R survey poststratification: struggling with the survey function


I'm new here and new to R. I'm wondering whether I've used the R survey package correctly to postStratify my data. Below you can see the data structure of my dataframe (df).

utype gender age regzeit finanz sfeld sindex
pri female 23 ja s ARG 5
sta male 23 nein f ARG -7
sta female 21 ja ARG 11
pri male 28 ja t ARG 1

I've oversampled females for the "gender" variable and students for the "utype" variable and now want to adjust for the distribution in the population. My n=383 was oversampled to n = 477 The intended distributions of my my n=383 sample are:

utype male female Sum
pri 54 68 122
sta 128 133 261
Sum 187 196 383

design <- svydesign(id = ~utype+gender, data = df)

Warning message: In svydesign.default(id = ~utype + gender, data = df) : No weights or probabilities supplied, assuming equal probability

pop.types <- data.frame(utype=c("sta","pri"), Freq=c(261,122))

designp <- postStratify(design, ~utype, pop.types)

postStratify(design, ~utype, pop.types)

svymean(~sindex, design)
mean | SE
sindex 0.48008 | 0.0192
svymean(~sindex, designp)
mean | SE
sindex 0.47692 | 0

My question now is whether the below code is correct and how I can postStratify for both variables utype and gender in my code or whether I have to run the postStratify command twice.
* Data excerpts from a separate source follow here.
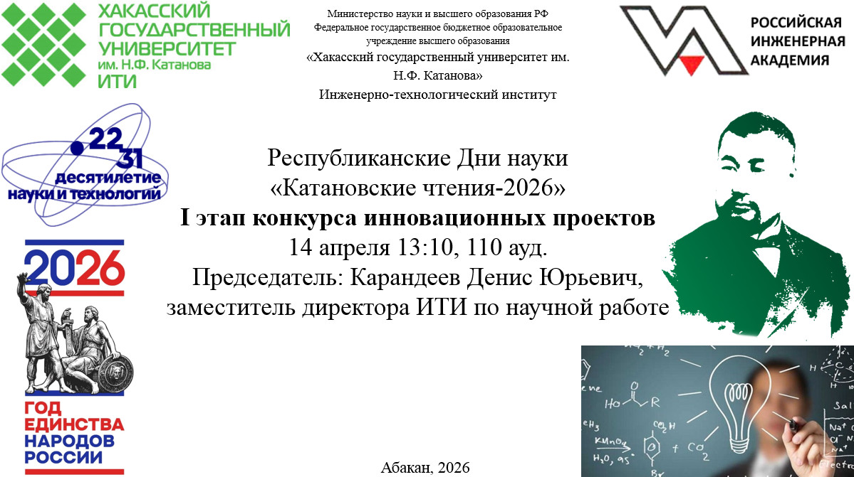 Республиканские Дни Науки «Катановские чтения - 2026» в ИТИ. 14 апреля в ИТИ состоится проведение I этапа конкурса инновационных проектов
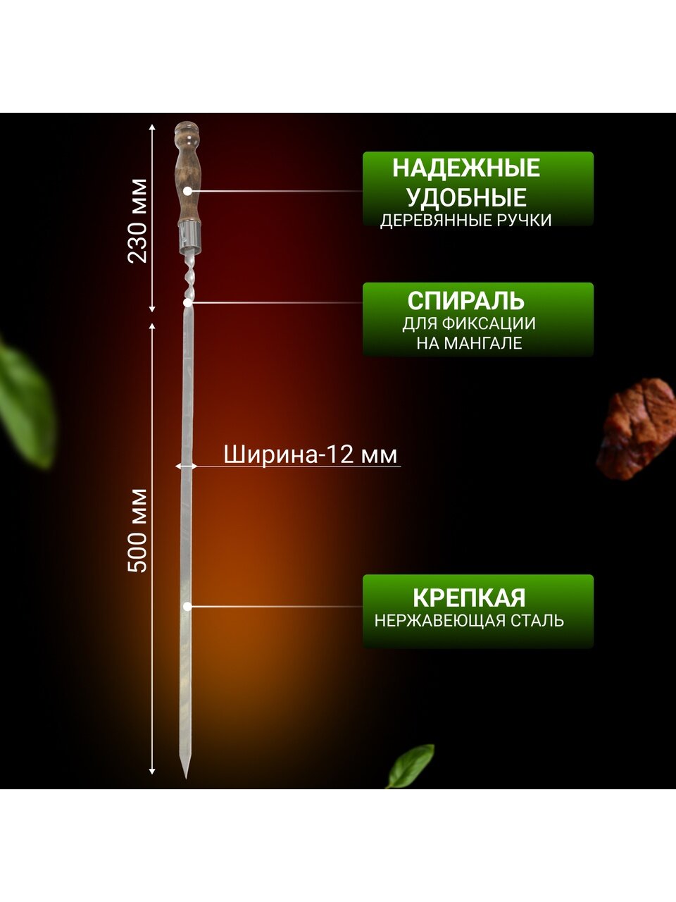 Шампур плоский 730 мм из нержавеющей стали с лакированной деревянной рукояткой — долговечный выбор для идеального шашлыка на даче, пикнике или в подарок.
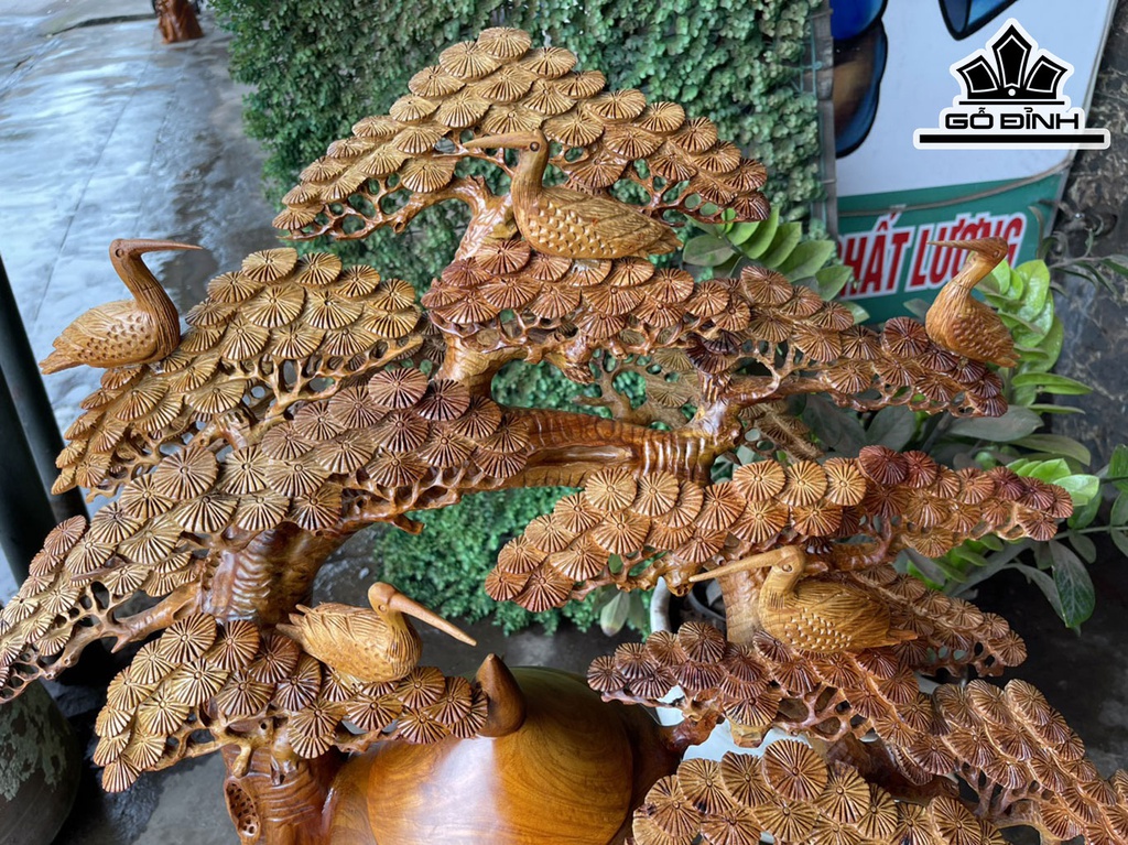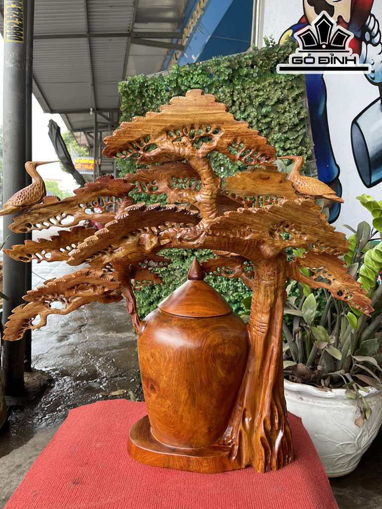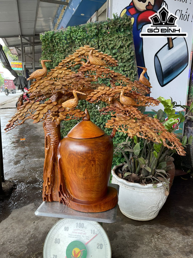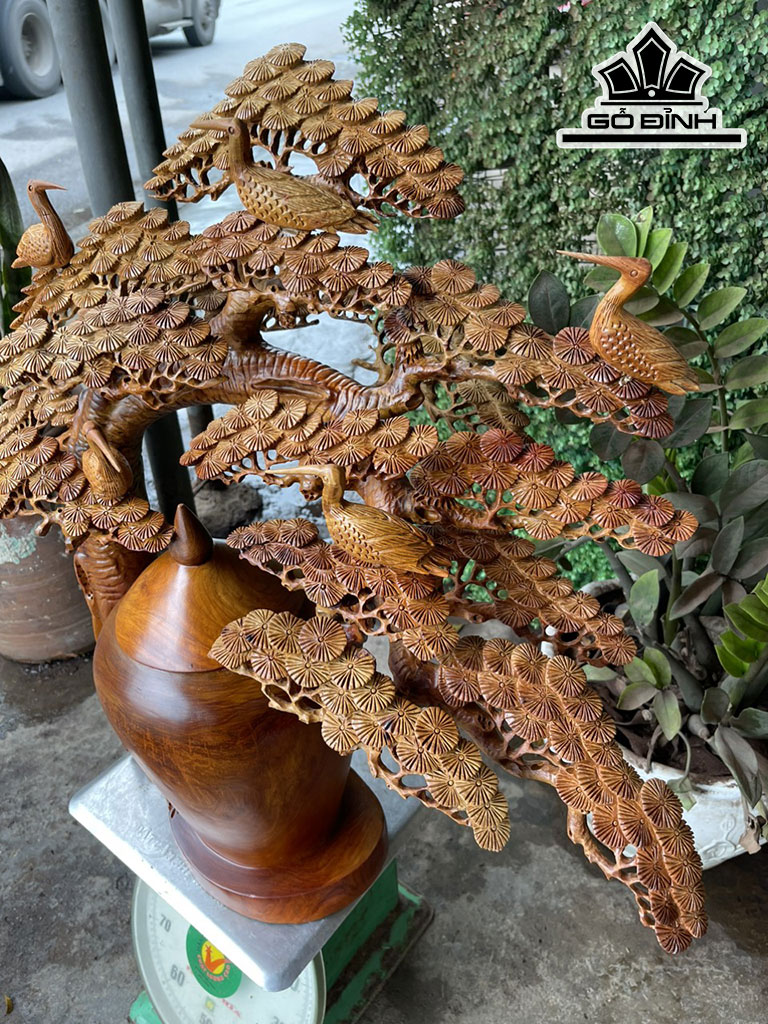 Bình Phú Quý Tùng Hạc Gỗ Hương Cao 70 Ngang 75 Sâu 35 (cm)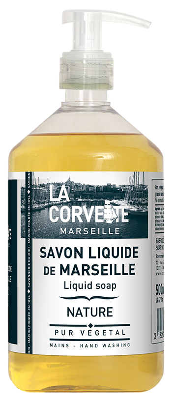 SAVON MARSEILLE POMPE 1L NATURE Elaborés à partir dhuiles 100% végétales, sans paraben, sans graisse animale, ce savon liquide de Marseille est enrichi en glycérine aux vertus hydratantes. Il lave en douceur les mains et laisse la peau saine, souple et douce.

I'm especially concerned that the standard error is zero in my weighted sample and because of the warning message. And whether the Freq values are correct for what I'm trying to do here?

The last thing I've been trying to figure out is how to get the svymean, svyhist or svyboxplot functions for "sindex", but only for the observations with utype == pri, so by group basically. This should all be applied to the weighted sindex values.

I hope I'm conforming to all the rules. Many thanks in advance!


Solution

  • You don't want to post-stratify twice (that would give you raking). You want to post-stratify once, using a post-stratum variable that is a combination of your two variables gender, as in your 2x2 table. That is,

    designp <- update(designp, combined_var = interaction(gender,utype))
    

    You now specify a pop.types= argument that has the desired frequencies for each of the four levels of this new variable.

    With only the four observations you list, you will end up with zero standard errors because there isn't any variation within any of the post-strata.